Syrian military officer

Abdul Karim Mahmoud Ibrahim (عبد الكريم محمود إبراهيم; born October 5, 1963) is a Syrian military officer who served as the Chief of the General Staff of the Syrian Army and Armed Forces from 2022 to 2024.

==Biography==
Ibrahim is a native of Tartus Governorate, Syria. He was appointed as Chief of the General Staff on 30 April 2022, a position that has operational command over the country's ground, air, and naval forces.

In the fall of 2023, Ibrahim ordered the strengthening of the Syrian military defenses in northern Syria, near Idlib Governorate, which was controlled by Syrian opposition forces.

On 18 November 2024, Ibrahim met the Iranian Minister of Defense, Aziz Nasirzadeh, in Damascus.

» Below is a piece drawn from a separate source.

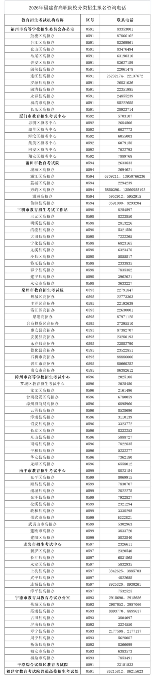 根據(jù)《福建省高等學(xué)校招生委員會(huì) 福建省教育廳關(guān)于做好2026年普通高等學(xué)校招生考試報(bào)名工作的通知》(閩招委〔2025〕9號(hào))和《福建省教育廳關(guān)于印發(fā)<福建省高職院校分類(lèi)考試招生改革實(shí)施辦法>的通知》(閩教學(xué)〔2019〕35號(hào))等文件精神,為做好2026年我省高職院校分類(lèi)考試招生(以下簡(jiǎn)稱(chēng)“高職分類(lèi)招考”)報(bào)名工作,現(xiàn)將有關(guān)事項(xiàng)通知如下。
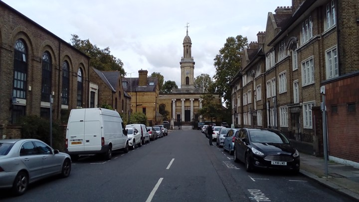 There are also roads that would benefit from (part) pedestrianisation and greening and rebalancing in favour of people. Here is the approach to Walworth’s only Grade 1 listed building, St Peter’s Church.

There were reports on 1 December 2024 that Ibrahim was sent to Hama to oversee the military operations against the rebels during their 2024 Hama offensive, after the Syrian Ministry of Defense sent reinforcements to the region.

Following the Fall of the Assad regime, he was among the top Syrian military officials who fled Damascus on 8 December 2024 aboard a Syrian Air Yak-40 jet to the Russian-controlled Hmeimim Air Base, before being flown onward to Moscow under Russian military protection.